1) Technical solution: I think you are on the right track to use the
maven-shade-plugin. But you shouldn't need the maven-dependency-plugin. The
shade plugin is pretty powerful. Why not just make your single-module
library artifact an "uber-JAR" consisting only of its own sources plus the
relocated+minimized fastutil classes, using <minimizeJar>true</minimizeJar>?
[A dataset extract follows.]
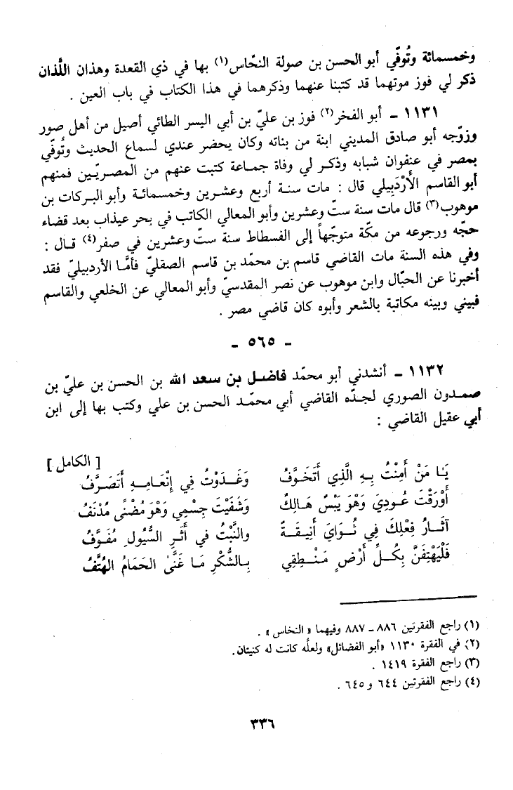1131 - أَبُو الْفَخْرِ فَوْزُ بْنُ عَلِيِّ بْنِ أَبِي الْيُسْرِ الطَّائِيَّ أَصِيلٌ مِنْ أَهْلِ صُورَ وَزَوَّجَهُ أَبُو صَادَقٍ الْمَدِينِيُّ ابْنَةً مِنْ بَنَاتِهِ وَكَانَ يَحْضُرُ عِنْدِي لِسَمَاعِ الْحَدِيثِ وَتُوُفِّيَ بِمِصْرَ فِي عُنْفُوَانِ شَبَابِهِ وَذَكَرَ لِي وَفَاةَ جَمَاعَةٍ كَتَبْتُ عَنْهُمْ مِنَ الْمِصْرِيِّينَ فَمِنْهُمْ أَبُو الْقَاسِمِ الْأَرْدُبِيلِيُّ قَالَ مَاتَ سنة أَربع وَعشْرين وَخَمْسمِائة وَأَبُو الْبَرَكَاتِ بْنُ مَوْهُوبٍ قَالَ مَاتَ سَنَةَ سِتٍّ وَعِشْرِينَ وَأَبُو الْمَعَالِي الْكَاتِبُ فِي بَحْرِ عَيْذَابَ بَعْدَ قَضَاءِ حَجِّهِ وَرُجُوعِهِ مِنْ مَكَّةَ مُتَوَجِّهًا إِلَى الْفُسْطَاطِ سَنَةَ سِتٍّ وَعِشْرِينَ فِي صَفَرٍ قَالَ وَفِي هَذِهِ السَّنَةِ مَاتَ الْقَاضِي قَاسِمُ بْنُ مُحَمَّدِ بْنِ قَاسِمٍ الصَّقَلِّيُّ فَأَمَّا الْأَرْدُبِيلِيُّ فَقَدْ أخبرنَا عَنِ الْحَبَّالِ وَابْنِ مَوْهُوبٍ عَنْ نَصْرٍ الْمَقْدِسِيِّ وَأَبُو الْمَعَالِي عَنِ الْخِلَعِيِّ وَالْقَاسِمِ فَبَيْنِي وَبَيْنَهُ مُكَاتَبَةٌ بِالشِّعْرِ وَأَبُوهُ كَانَ قَاضِي مِصْرَ.

2) Social solution: start a discussion with the fastutil team about
modularizing their library for a future (breaking) release. Right now the
packages are divided by primitive type, which seems backwards to me. Better
would be to divide by data structure, with all primitive types in each data
structure package. Then you could cherry pick only the needed data
structure(s) of interest. Obviously this is a longer-term solution.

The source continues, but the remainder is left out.